**Task description**
Keep to the lines from the one with "핑크와 버건디 컬러가" through the end of the data, and write them out exactly.

**The data**

== Segment start ==

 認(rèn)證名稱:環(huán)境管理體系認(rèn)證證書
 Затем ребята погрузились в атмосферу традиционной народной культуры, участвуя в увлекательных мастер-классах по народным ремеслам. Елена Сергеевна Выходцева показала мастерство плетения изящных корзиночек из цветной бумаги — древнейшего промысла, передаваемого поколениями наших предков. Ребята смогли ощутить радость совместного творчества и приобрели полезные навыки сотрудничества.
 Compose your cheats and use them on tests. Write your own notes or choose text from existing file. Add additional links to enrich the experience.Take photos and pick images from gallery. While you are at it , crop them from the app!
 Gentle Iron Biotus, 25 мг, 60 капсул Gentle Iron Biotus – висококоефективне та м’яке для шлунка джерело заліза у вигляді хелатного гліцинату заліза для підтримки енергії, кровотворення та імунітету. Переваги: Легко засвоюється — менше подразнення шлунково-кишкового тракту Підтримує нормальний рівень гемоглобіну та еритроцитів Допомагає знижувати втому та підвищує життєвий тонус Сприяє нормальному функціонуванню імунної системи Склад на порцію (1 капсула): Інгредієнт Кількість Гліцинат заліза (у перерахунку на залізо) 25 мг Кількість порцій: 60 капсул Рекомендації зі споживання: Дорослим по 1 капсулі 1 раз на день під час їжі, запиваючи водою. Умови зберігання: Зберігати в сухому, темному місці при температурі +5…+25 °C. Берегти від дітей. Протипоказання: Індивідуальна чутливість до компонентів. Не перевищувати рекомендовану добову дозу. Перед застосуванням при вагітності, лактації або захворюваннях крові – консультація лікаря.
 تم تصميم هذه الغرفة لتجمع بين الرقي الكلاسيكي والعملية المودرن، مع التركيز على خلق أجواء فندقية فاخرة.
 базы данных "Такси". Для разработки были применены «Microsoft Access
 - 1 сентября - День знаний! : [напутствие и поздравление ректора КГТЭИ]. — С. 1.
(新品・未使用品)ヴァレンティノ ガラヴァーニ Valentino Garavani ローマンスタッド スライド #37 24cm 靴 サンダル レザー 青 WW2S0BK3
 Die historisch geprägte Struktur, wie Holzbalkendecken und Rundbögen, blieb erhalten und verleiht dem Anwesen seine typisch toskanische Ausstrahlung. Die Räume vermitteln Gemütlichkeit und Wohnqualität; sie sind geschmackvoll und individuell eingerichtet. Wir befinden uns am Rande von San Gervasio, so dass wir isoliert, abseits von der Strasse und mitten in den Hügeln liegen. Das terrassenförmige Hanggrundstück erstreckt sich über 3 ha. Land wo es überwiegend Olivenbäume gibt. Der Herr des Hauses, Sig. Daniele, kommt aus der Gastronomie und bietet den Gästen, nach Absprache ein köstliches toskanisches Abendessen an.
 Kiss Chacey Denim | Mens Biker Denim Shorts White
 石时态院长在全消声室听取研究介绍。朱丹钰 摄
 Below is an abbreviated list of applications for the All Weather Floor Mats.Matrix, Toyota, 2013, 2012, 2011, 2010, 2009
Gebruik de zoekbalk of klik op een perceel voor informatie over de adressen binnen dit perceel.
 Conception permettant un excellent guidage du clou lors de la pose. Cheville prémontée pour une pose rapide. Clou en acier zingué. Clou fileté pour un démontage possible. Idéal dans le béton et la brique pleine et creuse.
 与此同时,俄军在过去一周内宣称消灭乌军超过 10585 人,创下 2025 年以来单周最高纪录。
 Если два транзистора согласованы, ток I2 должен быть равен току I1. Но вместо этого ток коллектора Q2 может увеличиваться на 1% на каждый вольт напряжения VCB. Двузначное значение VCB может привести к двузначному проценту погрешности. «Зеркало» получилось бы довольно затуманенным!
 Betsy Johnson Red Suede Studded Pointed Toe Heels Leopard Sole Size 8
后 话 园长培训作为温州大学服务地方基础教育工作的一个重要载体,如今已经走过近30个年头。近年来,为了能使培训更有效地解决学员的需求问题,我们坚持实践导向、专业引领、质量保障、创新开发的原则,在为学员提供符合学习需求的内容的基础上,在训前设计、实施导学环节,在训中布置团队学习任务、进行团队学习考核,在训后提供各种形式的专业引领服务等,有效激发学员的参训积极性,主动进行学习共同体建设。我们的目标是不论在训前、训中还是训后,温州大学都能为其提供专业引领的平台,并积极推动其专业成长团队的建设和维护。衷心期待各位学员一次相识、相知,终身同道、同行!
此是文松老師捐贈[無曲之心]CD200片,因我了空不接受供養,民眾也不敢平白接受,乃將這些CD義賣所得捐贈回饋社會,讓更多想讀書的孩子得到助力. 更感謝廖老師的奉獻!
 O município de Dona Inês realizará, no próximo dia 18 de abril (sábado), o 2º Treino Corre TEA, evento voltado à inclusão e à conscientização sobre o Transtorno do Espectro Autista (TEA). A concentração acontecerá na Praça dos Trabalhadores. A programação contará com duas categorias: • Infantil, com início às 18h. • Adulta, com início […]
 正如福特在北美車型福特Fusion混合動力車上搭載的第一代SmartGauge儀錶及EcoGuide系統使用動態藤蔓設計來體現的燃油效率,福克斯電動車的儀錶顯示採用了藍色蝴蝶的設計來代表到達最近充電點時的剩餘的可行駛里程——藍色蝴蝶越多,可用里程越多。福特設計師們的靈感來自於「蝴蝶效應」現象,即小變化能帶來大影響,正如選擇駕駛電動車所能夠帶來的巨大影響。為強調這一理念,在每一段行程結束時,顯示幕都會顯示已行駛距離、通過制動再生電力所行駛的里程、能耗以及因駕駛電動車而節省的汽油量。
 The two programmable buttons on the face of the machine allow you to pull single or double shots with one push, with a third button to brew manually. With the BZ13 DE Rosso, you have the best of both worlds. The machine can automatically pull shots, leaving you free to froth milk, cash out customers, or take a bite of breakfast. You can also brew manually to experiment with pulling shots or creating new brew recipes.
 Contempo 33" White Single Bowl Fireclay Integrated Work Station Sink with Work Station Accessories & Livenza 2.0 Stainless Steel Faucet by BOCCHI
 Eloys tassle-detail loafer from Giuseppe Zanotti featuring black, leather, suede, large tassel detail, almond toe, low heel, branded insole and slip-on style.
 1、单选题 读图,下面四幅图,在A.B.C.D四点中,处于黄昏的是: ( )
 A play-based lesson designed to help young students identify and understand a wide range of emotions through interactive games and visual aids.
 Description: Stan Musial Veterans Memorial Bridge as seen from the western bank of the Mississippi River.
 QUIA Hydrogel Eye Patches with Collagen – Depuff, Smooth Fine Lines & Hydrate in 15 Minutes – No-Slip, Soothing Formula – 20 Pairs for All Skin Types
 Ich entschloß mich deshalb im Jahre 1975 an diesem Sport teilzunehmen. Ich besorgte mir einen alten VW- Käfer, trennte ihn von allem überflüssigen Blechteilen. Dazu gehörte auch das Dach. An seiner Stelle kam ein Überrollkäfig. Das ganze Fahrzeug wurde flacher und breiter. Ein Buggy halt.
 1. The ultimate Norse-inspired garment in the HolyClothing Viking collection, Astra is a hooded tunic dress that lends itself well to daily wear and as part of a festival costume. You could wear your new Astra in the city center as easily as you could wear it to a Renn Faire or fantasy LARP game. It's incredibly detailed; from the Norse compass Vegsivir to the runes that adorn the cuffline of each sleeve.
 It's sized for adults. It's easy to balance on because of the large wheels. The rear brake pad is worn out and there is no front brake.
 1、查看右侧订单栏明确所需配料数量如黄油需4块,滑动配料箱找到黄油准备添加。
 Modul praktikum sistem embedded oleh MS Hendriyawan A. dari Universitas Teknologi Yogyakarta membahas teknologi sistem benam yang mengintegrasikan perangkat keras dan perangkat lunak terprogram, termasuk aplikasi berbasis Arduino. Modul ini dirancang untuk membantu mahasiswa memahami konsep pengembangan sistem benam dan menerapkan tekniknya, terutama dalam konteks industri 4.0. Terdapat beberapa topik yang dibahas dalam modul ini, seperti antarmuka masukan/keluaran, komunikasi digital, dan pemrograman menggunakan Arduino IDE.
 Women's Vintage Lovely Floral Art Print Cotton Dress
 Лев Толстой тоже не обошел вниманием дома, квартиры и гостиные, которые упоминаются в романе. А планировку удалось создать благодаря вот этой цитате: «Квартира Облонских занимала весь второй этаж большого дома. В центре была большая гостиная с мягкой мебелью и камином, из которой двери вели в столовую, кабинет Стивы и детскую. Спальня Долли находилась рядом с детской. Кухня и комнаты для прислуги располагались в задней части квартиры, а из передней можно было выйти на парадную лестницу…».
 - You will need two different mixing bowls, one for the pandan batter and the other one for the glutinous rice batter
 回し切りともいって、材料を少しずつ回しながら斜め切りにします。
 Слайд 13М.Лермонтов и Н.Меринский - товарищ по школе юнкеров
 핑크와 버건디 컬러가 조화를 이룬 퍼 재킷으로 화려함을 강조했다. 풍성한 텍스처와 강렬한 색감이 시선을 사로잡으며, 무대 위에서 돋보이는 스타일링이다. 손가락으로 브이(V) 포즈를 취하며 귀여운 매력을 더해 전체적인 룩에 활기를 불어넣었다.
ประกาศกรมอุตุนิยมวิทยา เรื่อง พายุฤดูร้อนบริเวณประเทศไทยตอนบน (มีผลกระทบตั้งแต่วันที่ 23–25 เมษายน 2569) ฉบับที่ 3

== Segment end ==

**Reply**
 핑크와 버건디 컬러가 조화를 이룬 퍼 재킷으로 화려함을 강조했다. 풍성한 텍스처와 강렬한 색감이 시선을 사로잡으며, 무대 위에서 돋보이는 스타일링이다. 손가락으로 브이(V) 포즈를 취하며 귀여운 매력을 더해 전체적인 룩에 활기를 불어넣었다.
ประกาศกรมอุตุนิยมวิทยา เรื่อง พายุฤดูร้อนบริเวณประเทศไทยตอนบน (มีผลกระทบตั้งแต่วันที่ 23–25 เมษายน 2569) ฉบับที่ 3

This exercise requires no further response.